Assessment of construct validity of the questionnaire
Construct validity of the questionnaire was evaluated by both exploratory factor analysis (EFA) and confirmatory factor analysis (CFA) . Four hundred and fifty animal breeders, who were randomly selected, participated at this phase.
Exploratory Factor analysis (EFA)
EFA was done on 42 binary items and 17 Likert-scale items, which were intended to explain animal breeders' prevention behavior.

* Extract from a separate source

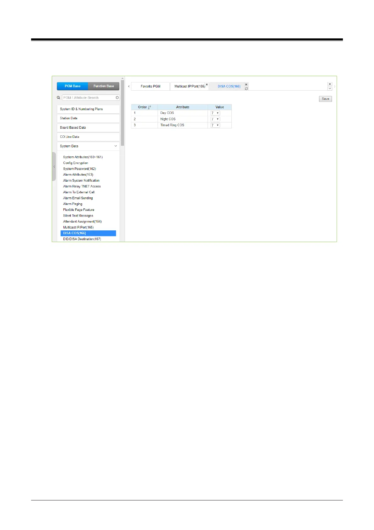 Selecting DISA COS will display the DISA COS data entry page. Click the [Save] button after changing Value.

Principal component analysis and oblimin rotation method were used to determine the number of optimal factors. Loadings with significance lower than 0.05 were excluded from the analysis . If an item was loaded into different factors, that item was related to the factor in which it had the largest factor loading. The extracted factors were named by team members.

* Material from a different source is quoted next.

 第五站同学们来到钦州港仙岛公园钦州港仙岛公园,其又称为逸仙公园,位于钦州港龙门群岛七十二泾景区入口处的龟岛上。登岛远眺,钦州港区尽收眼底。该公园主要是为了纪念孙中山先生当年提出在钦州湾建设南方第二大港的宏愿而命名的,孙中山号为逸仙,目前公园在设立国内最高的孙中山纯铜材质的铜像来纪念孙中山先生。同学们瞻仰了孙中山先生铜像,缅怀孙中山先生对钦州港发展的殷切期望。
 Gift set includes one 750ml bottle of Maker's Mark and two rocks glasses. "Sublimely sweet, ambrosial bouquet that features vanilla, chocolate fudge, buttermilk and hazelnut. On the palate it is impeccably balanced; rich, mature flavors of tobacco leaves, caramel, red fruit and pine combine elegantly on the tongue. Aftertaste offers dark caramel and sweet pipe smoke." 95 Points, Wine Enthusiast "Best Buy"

Confirmatory Factor analysis (CFA)
For the items with binary response anchors, the generalized confirmatory factor analysis  and WLSMV statistical estimation method were used . The software of M-Plus- version 7.4 was applied to test and evaluate the intended conceptual model.
The fitness of the proposed model was assessed by fit indices including the ratio of Chi-square to degrees of freedom (X2/DF), Root Mean Square Error of Approximation (RMSEA), Comparative Fit Index (CFI), and Tucker-Lewis Index (TLI). The values of at least 0.90 for CFI and TLI, and below 0.08 for RMSEA represented a good fitness [21, 22]. After excluding non-significant items, the final conceptual model was introduced.
Assessment of reliability of the questionnaire
Cronbach’s alpha coefficient and composite reliability (CR) were calculated for testing the internal consistency of the questionnaire. Stability of the results was examined by calculating the Interclass Correlation Coefficient (ICC) [23,24]. To do so, forty two volunteer animal breeders were asked to complete the research questionnaires twice (by a two-week interval) . For analysis of the absolute reliability of the results, standard error of measurement (SEM) was calculated.
The IBM SPSS statistics 24 was used to perform data cleaning and calculating reliability indices. P values lower than 0.05 were considered significant.